WHAT YOU SHOULD DO
Could you retype the lines below, starting at the line holding "仕事も家庭も忙しいですが、えいやっと気持ちを切り替えて、まずはやってみませんか。" and stopping at the line holding "第13回作文コンテスト表彰式の様子", inclusive? Copy them exactly and drop the images.

(Records contained in a dataset)
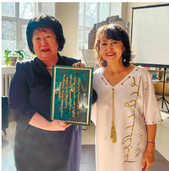
НБ РА. День алтайской письменности «Тодо бичик»
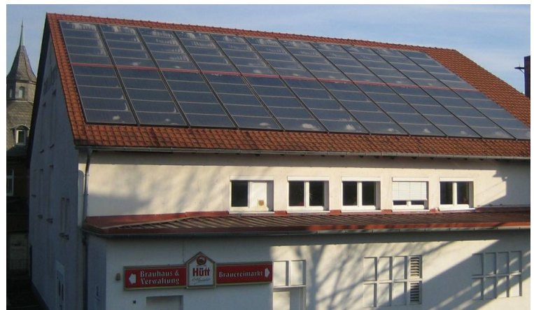
Solarthermische Wärme in der HÜTT Brauerei Kassel, 2011

Wirtschaftlichkeit Wärmebedarf für den Prozess: ca. 360.000 kWh/a Solare Deckungsrate: 25% Wärmegestehungskosten: 2,8 ct/kWh
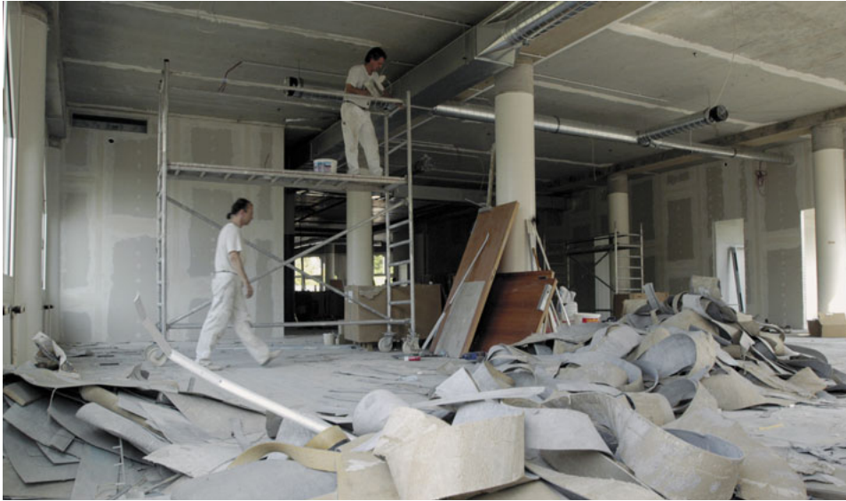
April 2004: Die Räumlichkeiten der ehemaligen Hausdruckerei werden entkernt.
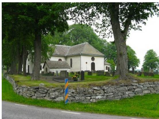
Kyrkogården från sydväst. Kyrkogårdsmuren och trädkransen är viktiga inslag i kulturlandskapet.

Utanför kyrkogårdsmuren i norr finns en personalbyggnad, med faluröd träpanel, uppförd under 1900-talets första hälft.
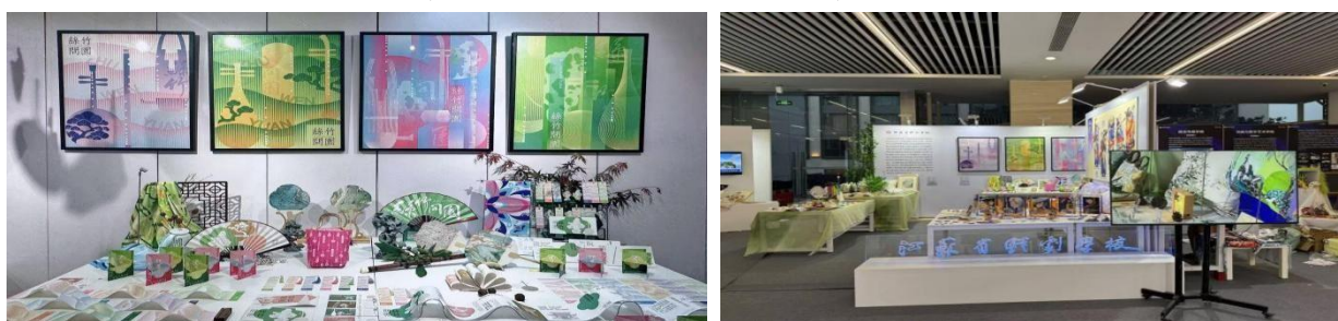
图 3-4 部分毕业设计作品

学校艺术设计专业紧抓毕业设计工作。2024 年,以南京地域文化、非遗文化为主题,结合新工艺、新材料、新技术,对南京本土文化与旅游资源进行创意设计与实践,设计出多组优秀原创作品及文化旅游创意衍生品。设计作品《丝竹问园》《逸游魏晋》均获 2024 南京市职业院校技能大赛文化旅游创意设计赛项一等奖,在 2024 江苏联合职业技术学院优秀作品展评选中均获一等奖,入围第十一届“紫金奖”文化创意设计大赛决赛。两组作品获得南京六朝博物馆、南京夫子庙文旅集团的关注,后续进一步合作交流,将作品转化为商品。
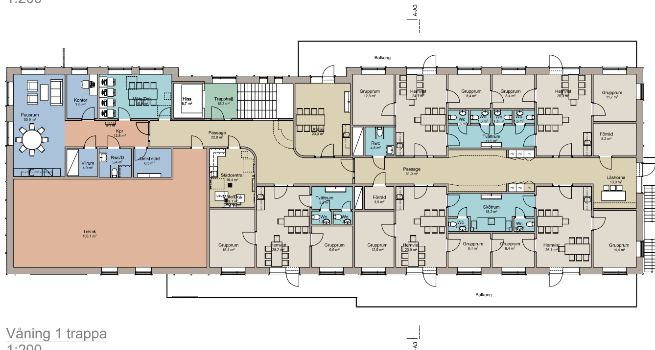
Våning 1 trappa 1:200
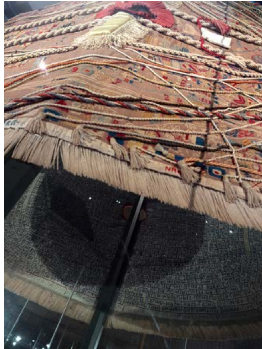
Figuras 4 e 5: Detalhes do Manto da Apresentação , de Arthur Bispo do Rosário, na exposição “Complexo Brasil”, Fundação Calouste Gulbenkian, 2026.

acertadamente, estavam penduradas em cabides e disponíveis para manuseio do público. Ao lado delas, não apenas uma televisão exibindo os parangolés “em ação” - como se fossem um incentivo ao público para vesti-los -, mas também um aviso no chão: “Esta obra pode ser manuseada”.
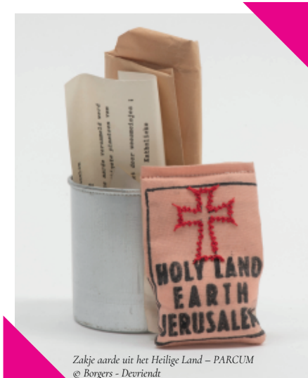
Zakje aarde uit het Heilige Land – PARCUM © Borgers - Devriendt
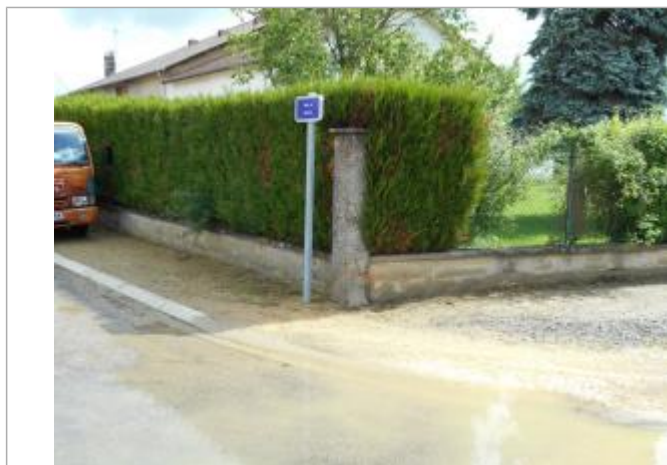
Emplacement du nivellement reporté
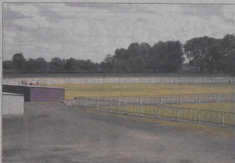
Droga ewakuacyjna ma powstać za trzyschodkową trybuną tuż za ogrodzeniem boiska. Ostatnim elementem modernizacji stadionu będzie likwidacja części blaszanych garaży, z którą trzeba się będzie liczyć za około dwa lata.
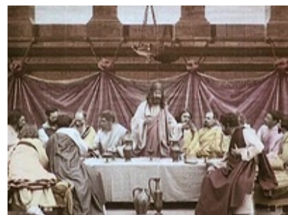
Abb. 3 Still aus: Das Leben und die Passion Jesu Christi (USA 1905).
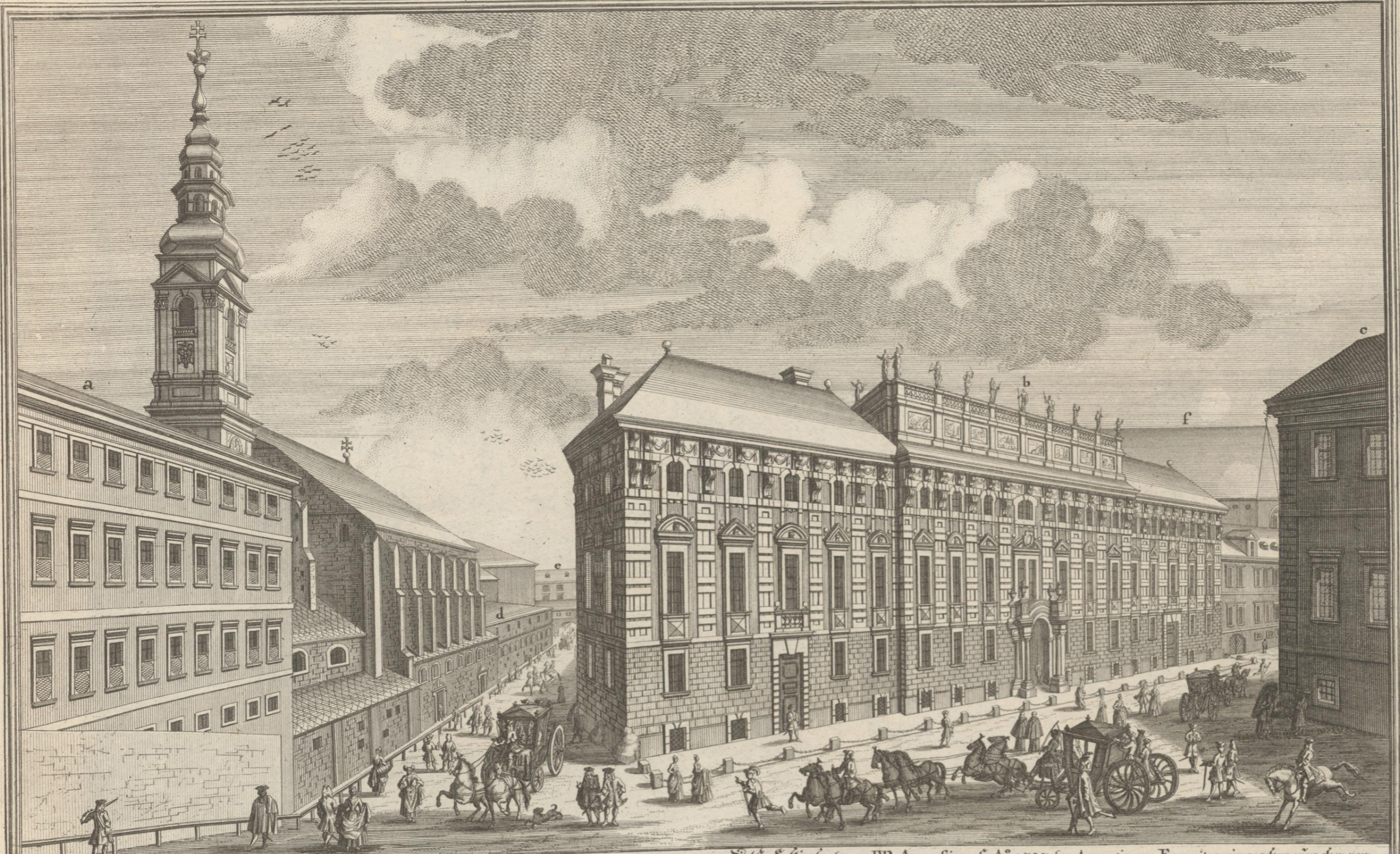
Templum aulicum S. AUGUSTINI A. 1327. Eremitis S. Augustini concessum, nunc incolitur. ab Augustinianis excalceatis. a. Monasterium S. P. Augustini. excalceat. b. Domus Comit. a. Dietrich stein. c. Hospitale civium. d. Domus equarum domitorum Cesar. e. Pars Aulae f. Templum S. Dorotheae.
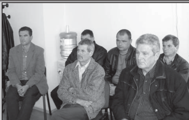
Малкото кметове, които присъстваха на провело се на 28.11.2008г. заседание на Общински съвет - Струмяни. (Взети решения в сл.брой)
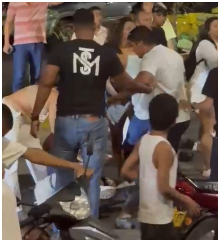
La pelea quedó registrada en videos aficionados, que captaron la alteración del orden público en la zona.

Una riña registrada entre varias personas que se cayeron a los golpes generó una alteración del orden público en horas de la
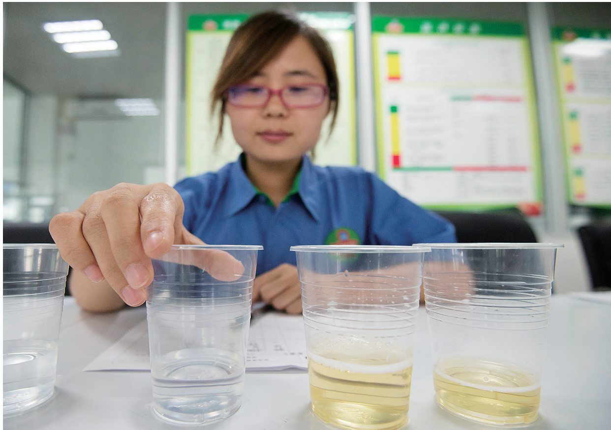
每个环节的样品都需要品尝
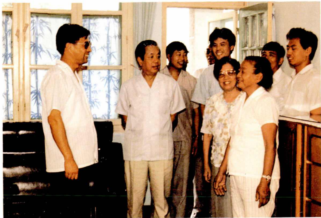
△ 1992年8月19日，国务委员、外交部部长钱其琛（左二）回故乡嘉定参观访问
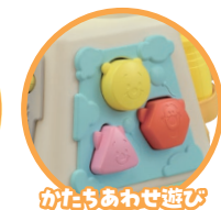
かたちあわせ遊び
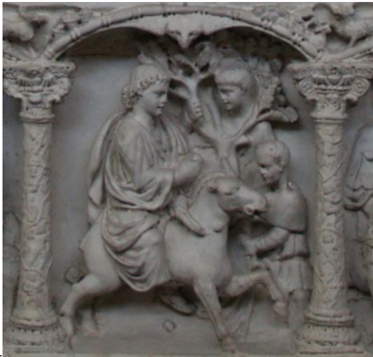
Βαϊοφόρος, Σαρκοφάγος Adelfhia, Κατακόμβες Ιωάννου, Συρακούσες, 325-350 μ.Χ.
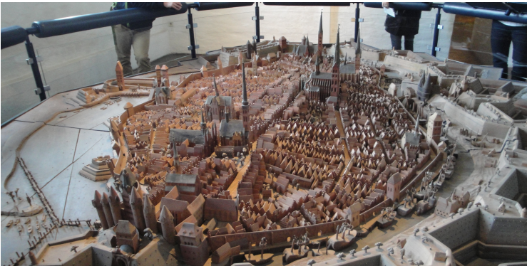
Maquette de la ville de Lübeck
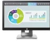
Monitor HP EliteDisplay E202 de 50,8 cm (20 pulgadas)
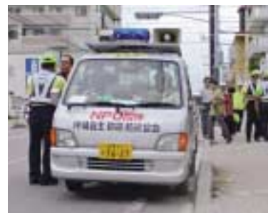
青色回転灯装着車によるパトロール
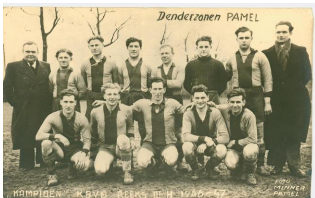
De kampioenenploeg van 1946

Er kwamen nieuwe spelers bij en we speelden voortaan op een terrein van de familie Meert aan de Ninoofsesteenweg. Ik ben blijven voetballen tot mijn vierendertigste, toen was ik voor de voetbalsport versleten. Hoe het verder allemaal is verlopen zullen anderen je wel vertellen. Ik heb met het voetbal veel schone momenten beleefd en heel veel vriendschap mogen ervaren. Denderzonen Pamel, dat blijft een belangrijk stuk van mijn jong leven!"
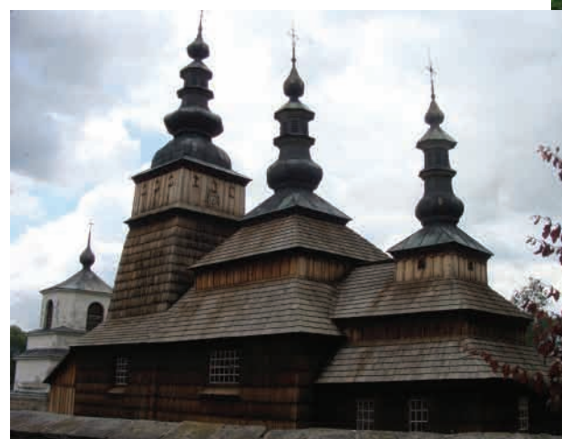
Рихвалд (Owczary, Малополюське воєводство) Церква Покрови Пр. Богородиці, збудована 1653 року. Західно-лемківський тип. Зберігся іконостас поч. XVII ст.
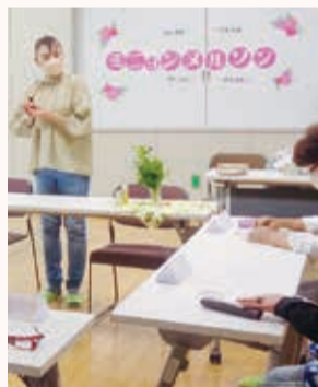
趣味のアロマセラピーで講師にも挑戦

仕事も家庭も忙しいですが、えいやっと気持ちを切り替えて、まずはやってみませんか。
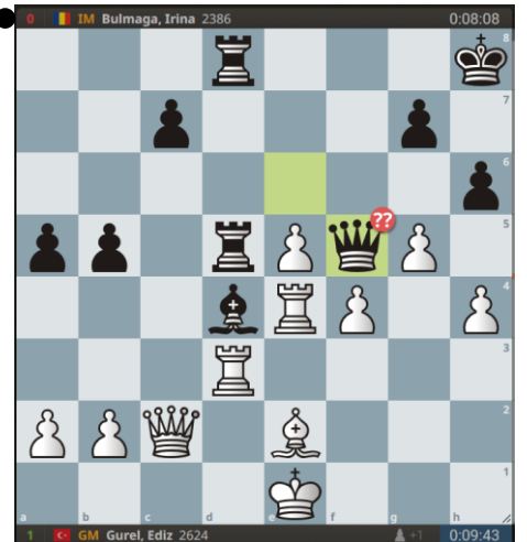
Beide dames staan nu ongedekt...
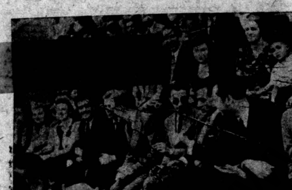
عده از یوئستگان و نمایندگان جوانان در
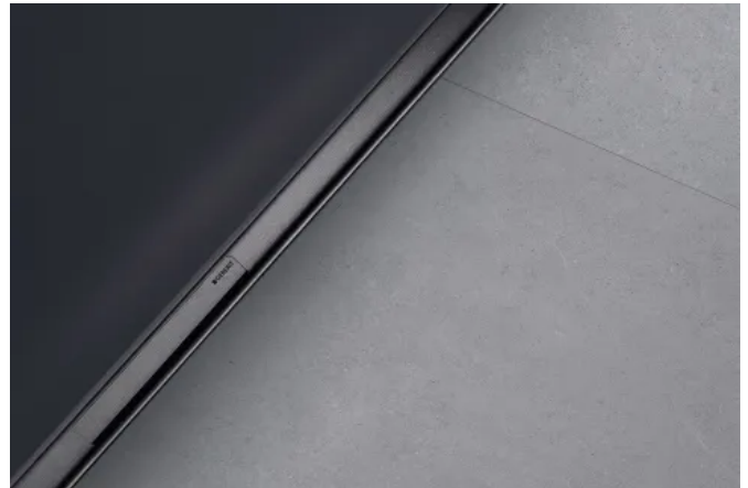
Die Geberit CleanLine50 wird mit einer schmalen Profildicke für minimalistische Gestaltungen eingesetzt.
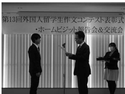
第13回作文コンテスト表彰式の様子

表彰式開催にあわせ、ホームビジットの報告会や留学生所属校による活動報告会、交流会などを実施することもある。
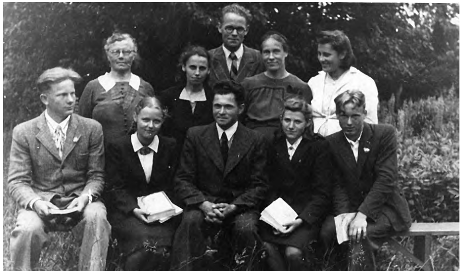
1946. g. absolventi un skolotāji.
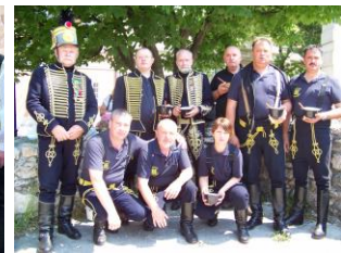
Somogyi Huszárok Egyesülete
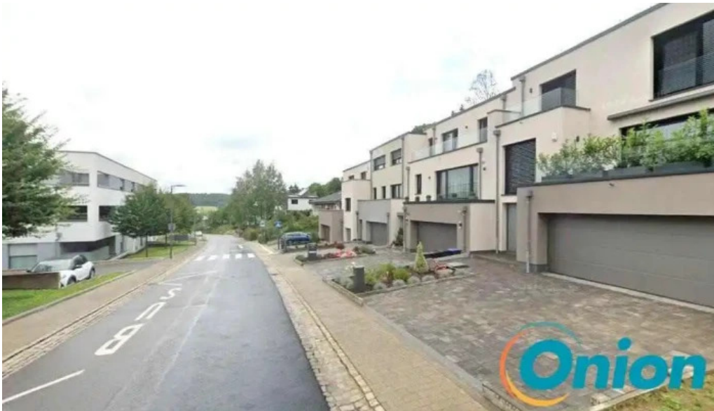
Lorentzweiler rue de blaschette lorentzweiler
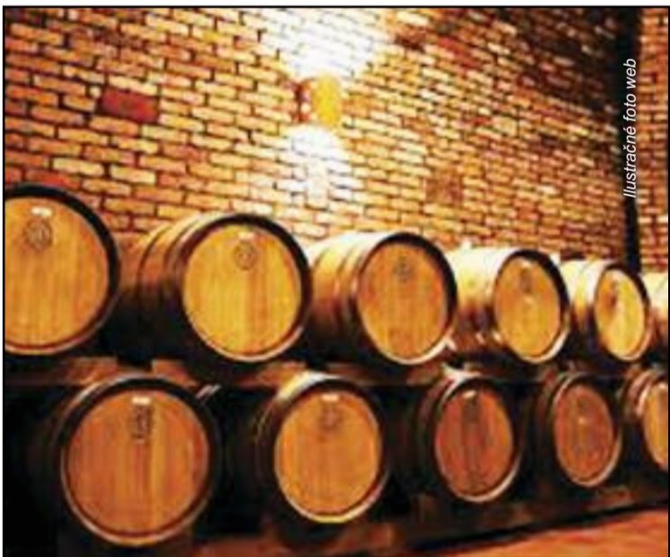
Ilustračné foto web

Moravou v čase, ktorý najviac praje zlatistému moku pod Pálavou.
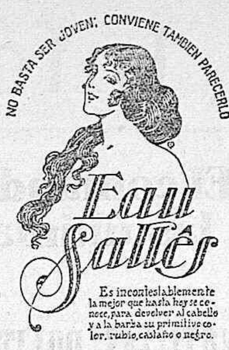
EXIGIR LA MARCA: EMILE SALLÉS FILS
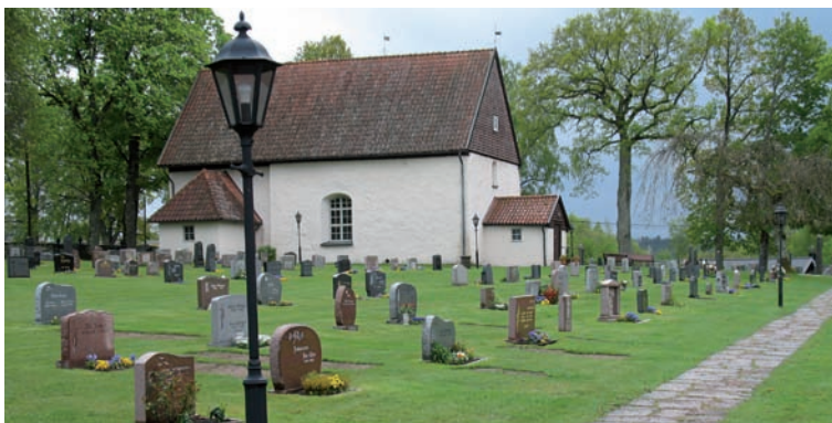
Kyrkan ligger på en höjdslutning i Dörrarps samhälle.

En liten rödmålad ekonomibyggnad av trä står i nordväst utanför kyrkogården.
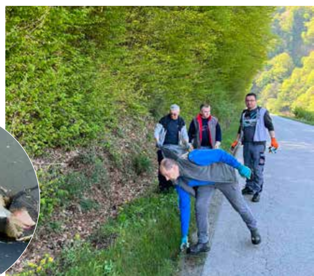
Volonteri su očistili smeće koje vozači odbacuju u grabe

donačelnik M. Batinić pa je sav prikupljen otpad po kratkom postupku završio u komunalnom vozilu Ivkoma.(lir)

EXPECTED ANSWER
仕事も家庭も忙しいですが、えいやっと気持ちを切り替えて、まずはやってみませんか。
Beide dames staan nu ongedekt...
عده از یوئستگان و نمایندگان جوانان در
Die Geberit CleanLine50 wird mit einer schmalen Profildicke für minimalistische Gestaltungen eingesetzt.
第13回作文コンテスト表彰式の様子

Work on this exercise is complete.